- Born: Konstantin Egorovich Egorov 1814
- Died: December 12, 1878 (aged 63–64)
- Education: Imperial Academy of Arts
- Occupation: Architect
- Awards: Free Artist

= K. E. Egorov =

Russian architect (1814-1878)

Konstantin Egorovich Egorov (1814–1878) was a Russian architect and academician of the Imperial Academy of Arts. He was a collegiate registrar, and in 1842, he received the title of Free Artist from the Imperial Academy of Arts for his design of the Commercial Baths. In 1852, he was appointed an Academician for his designs of a military hospital. He operated in Saint Petersburg, Russia in the Mid 19th Century.

== Buildings ==
- Apartment building of A. I Alexandrovna, 5 Suvorovsky Avenue, Saint Petersburg, 1837
- 4 Nikolskaya Square, Saint Petersburg, 1839
- Apartment building of A. A. Timofeeva, 8 Kuznechny Lane, Saint Petersburg, 1840
- 142 Griboyedov Canal Embankment, Saint Petersburg, 1845
- Apartment building of M. S. Tatishcheva, 6 Preobrazhenskaya Square, Saint Petersburg, 1852
- Apartment building of the St.

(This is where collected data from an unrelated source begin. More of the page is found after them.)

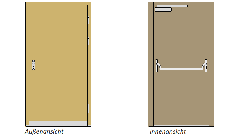 Die Ausstattung von Fluchttüren bestimmen die geltenden Normen, welche zwei Arten von Fluchttüren unterscheiden:
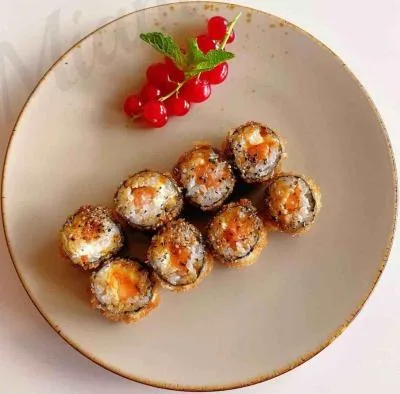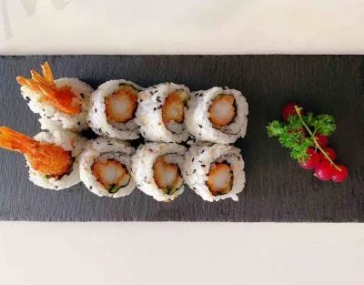 8 pièces - tempura scampi et concombres enroulés de mangue | ||
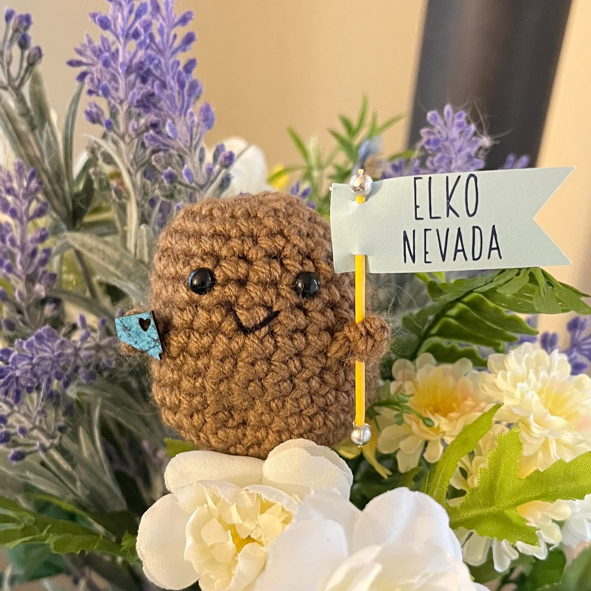 Holding a tiny Nevada with a heart showing where Elko and Spring Creek are located.
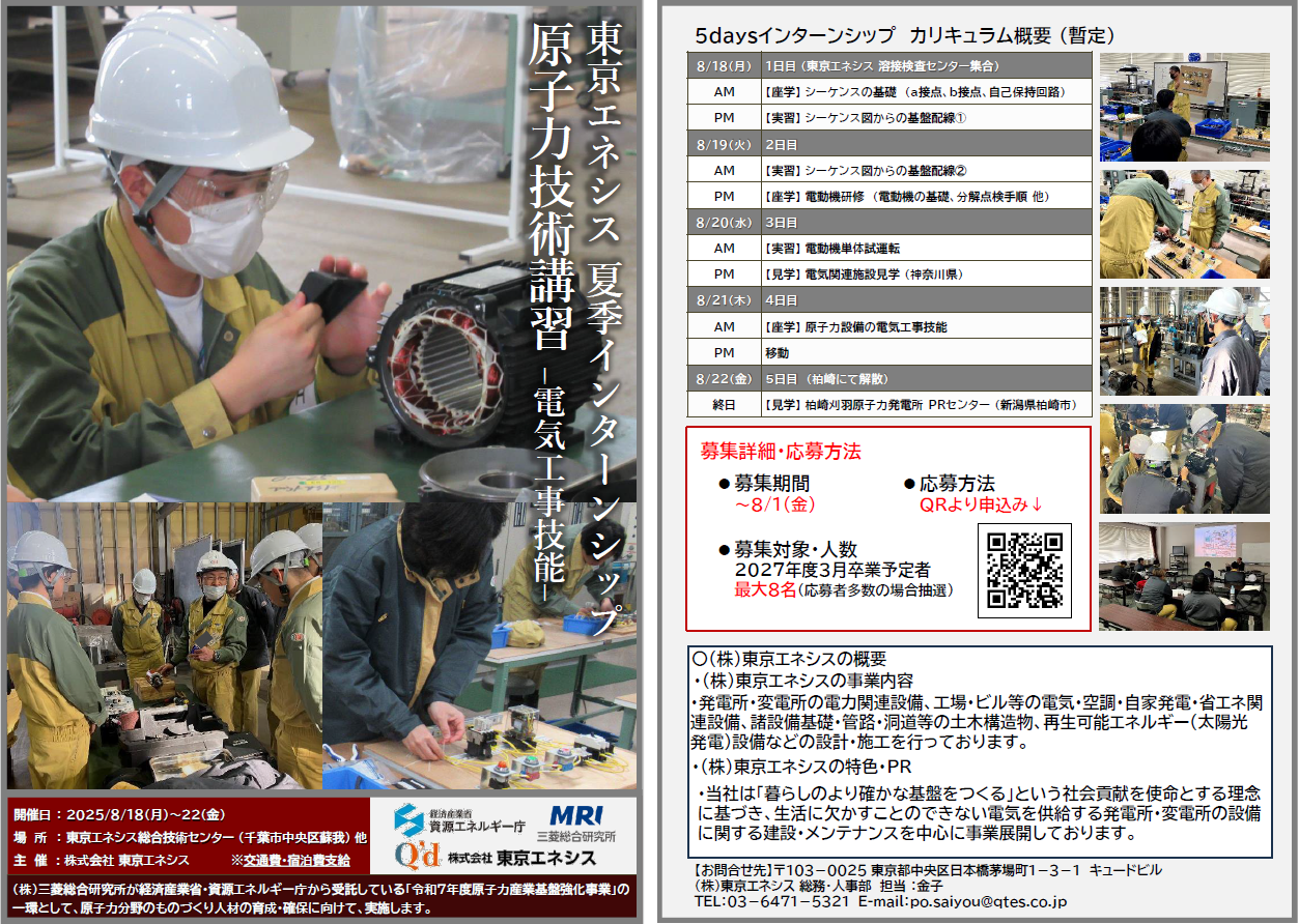 株式会社東京エネシス(本社:東京都中央区、代表取締役社長:眞島俊昭、以下「当社」)は、経済産業省・資源エネルギー庁が推進する「令和7年度原子力産業基盤強化事業(以下「本事業」)」の一環として、原子力分野のものづくり人材の育成・確保に協力しています。
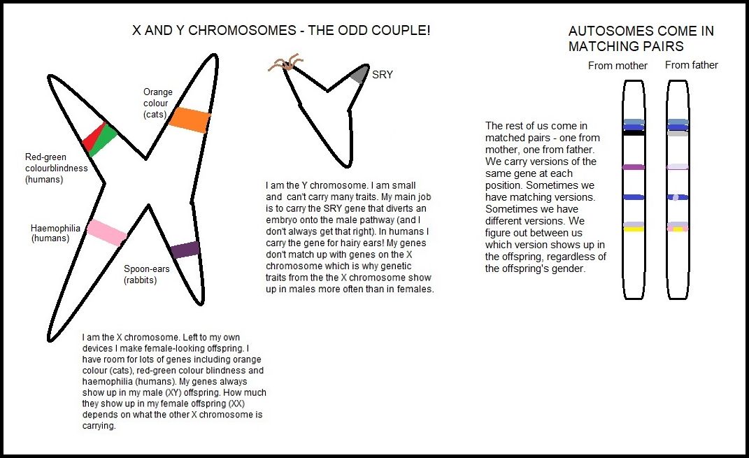 A chromosome is a length of DNA. In cats, as in humans, autosomes (chromosomes other than X or Y) occur in pairs. Cats have 19 pairs of chromosomes. The matching strands of DNA form a double helix. The exception to this are the sex-determining chromosomes X and Y. A gene is a stretch of DNA that, in simple terms, encodes for a trait such as long or short fur. On the autosomes, genes occur in pairs - one on each strand. These genes may be identical or they may be slightly different variations of the same basic gene. The variants are called properly called alleles of genes, but for simplicity I shall call them genes (they should also be called "gene for black", "gene for grey" etc, but I shall refer to them as "black gene", "grey gene").

Petersburg Insurance Society, 25 Ligovsky Avenue, Saint Petersburg, 1854
- A. Morgan's Mansion, 23 Sovetskaya Street, Saint Petersburg, 1859
- Apartment building of K. Koch, 88 Bolshoy Avenue, Saint Petersburg, 1865-1866
- 25 Serpukhovskaya Street, Saint Petersburg, 1874
- Church of St. Nicholas, Ilyeshi, Volosovsky District, Leningrad Oblast, 1854-1864, along with Karl Ivanovich Brandt.